We start with Edelen's first challenge-that C.B.'s lost billable hours were not recoverable because they represented a loss only to C.B.'s law firm, and not to C.B. himself. The problem with this argument is that it ignores the evidence presented at the restitution hearing. The prosecution established that during the period C.B. was recovering from his injuries, he billed substantially less than his usual 100 hours per month, resulting in a loss to the firm of $750 per hour for each hour he did not bill. C.B.'s supporting documentation as well as his own testimony substantiated his claim that he lost 97.5 billable hours in April 2021 and 75.6 billable hours in May 2021 due to his injuries, as well as nine more hours attending court hearings and another 20 hours going to physical therapy sessions.
Although the retainer agreement produced by C.B. tended to show any client payments would have been directed to C.B.'s law firm rather than to C.B. himself, C.B. testified his law firm was organized as an S corporation,he was its only shareholder, and he took periodic distributions of the firm's profits. He further testified the hours he did not work were not made up by the work of another lawyer, that he was unable to make up for the loss himself by doing extra work in other months, and that the reduction in his billable hours reflected an actual, "[d]ollar for dollar" loss of income to him.
In an S corporation,"' "[e]ach item of corporate income and expense is 'passed through' to the shareholders in exactly the same form as received by the corporation." '" (J.P. Morgan Trust Co. of Delaware v. Franchise Tax Bd. (2022) 79 Cal.App.5th 245, 269.)
C.B. was entitled to full reimbursement of all economic losses, including wage and profit losses, he personally incurred as a result of Edelen's crime. (§ 1202.4, subd. (f)(3)(D); see Giordano, supra, 42 Cal.4th at p. 661.) C.B.'s testimony and documents constituted prima facie evidence his own income, and not just his firm's income, was reduced by the billable hours he was unable to work as a result of his injures from the assault.
The burden shifted to Edelen to disprove the amount of losses that C.B. claimed. But he was unsuccessful in his efforts to disprove C.B.'s claim that he suffered personal income loss as a result of the reduction in his billable hours following the assault. Edelen tried to sustain this burden by questioning C.B., but C.B. yielded no ground on cross examination. In response to defense counsel's questions, C.B. acknowledged receiving a base salary of $8,333.33 per month, but said he also received distributions. He testified his firm experienced a loss in profits in 2021, which he attributed in large part to the hours he was unable to bill due to his injuries. He denied that others in his firm made up for the work he did not perform, stating "when I'm laid up for a month or six weeks, whatever it is, that's just billable work that will not get done."

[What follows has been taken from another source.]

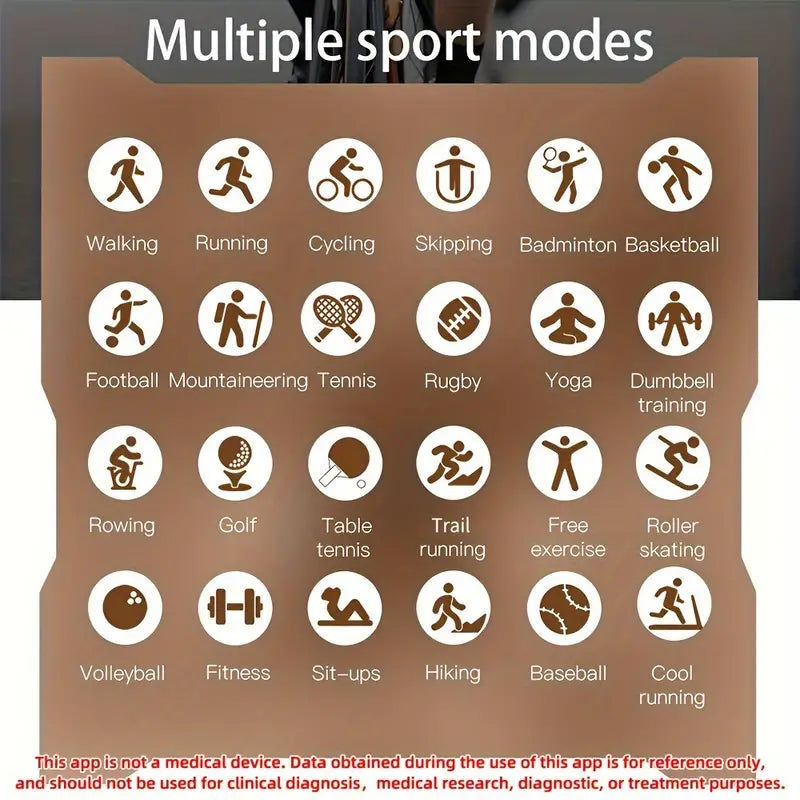 - Fitness Tracker: Track steps, calories, and distance. Includes multiple sports modes such as walking, basketball, mountaineering, running, cycling, and more.

In short, C.B.'s testimony, together with his supporting documentation, established a prima facie claim he suffered personal economic loss equivalent to the value of the billable hours he lost as a result of Edelen's crime. Edelen was unable to disprove this claim, or to provide the court with a viable alternative theory for valuing C.B.'s lost time. Accordingly, the court did not abuse its discretion when it granted C.B.'s claimed wage losses. (See Mearns, supra, 97 Cal.App.4th at p. 499.)
For similar reasons, we reject Edelen's argument that an attorney's billable hours cannot be equated with wages or profits for purposes of ordering victim restitution. This argument is poorly developed, but it appears to rely on the theories that the hours a lawyer bills do not become income until they are billed to a client and collected, and a lawyer's hourly rate ordinarily includes business overhead such that any amounts collected are not pure profit.

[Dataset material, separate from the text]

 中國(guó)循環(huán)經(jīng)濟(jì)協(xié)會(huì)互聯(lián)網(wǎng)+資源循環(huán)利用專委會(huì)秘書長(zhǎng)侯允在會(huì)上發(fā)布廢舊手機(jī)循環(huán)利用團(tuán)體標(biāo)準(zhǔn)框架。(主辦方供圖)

Within this argument, Edelen quotes the federal tax code definition of "Wages" (26 U.S.C. § 3401) without providing any context or explanation how this definition has any bearing on the interpretation of our state's restitution laws. He also does not state what he wishes us to draw from the definition. He simply pastes the quote into his brief and moves on. Edelen's perfunctory, unexplained quotation of federal tax law does not constitute a properly developed appellate argument. (See T.P. v. T.W. (2011) 191 Cal.App.4th 1428, 1440, fn. 12 [incomplete, undeveloped arguments are forfeited on appeal].)

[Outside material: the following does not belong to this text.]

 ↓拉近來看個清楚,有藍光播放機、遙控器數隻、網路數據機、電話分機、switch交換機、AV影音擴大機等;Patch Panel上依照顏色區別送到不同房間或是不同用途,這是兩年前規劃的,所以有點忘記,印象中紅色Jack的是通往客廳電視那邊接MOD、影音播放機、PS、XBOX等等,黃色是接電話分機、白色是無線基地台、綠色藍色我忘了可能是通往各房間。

While these might seem like reasonable points in the abstract, to reduce restitution, they require evidentiary proof. And Edelen's theories lack such proof. On the subject of collections, at the restitution hearing, C.B. testified he could not recall the last time he "billed and collected less than . . . 100 hours per month." (Italics added.) This testimony supported the conclusion that the 100-hour baseline used to calculate C.B.'s losses did represent amounts collected; Edelen did not elicit evidence to the contrary. The subject of business overhead was not specifically broached at the restitution hearing. However, once C.B. testified on direct examination that his lost billable hours represented a "[d]ollar for dollar" loss of income to him, the burden shifted to Edelen to present evidence undermining this testimony, which he failed to do. Edelen could have, but did not, question C.B. about the extent to which C.B.'s hourly rate included overhead, whether any of C.B.'s unearned fees would have included business expenses, or whether there was any other basis for reducing his wage loss claim. Since the trial court was provided no factual basis for awarding C.B. less than the amount of his claimed losses, it did not abuse its discretion when it failed to do so.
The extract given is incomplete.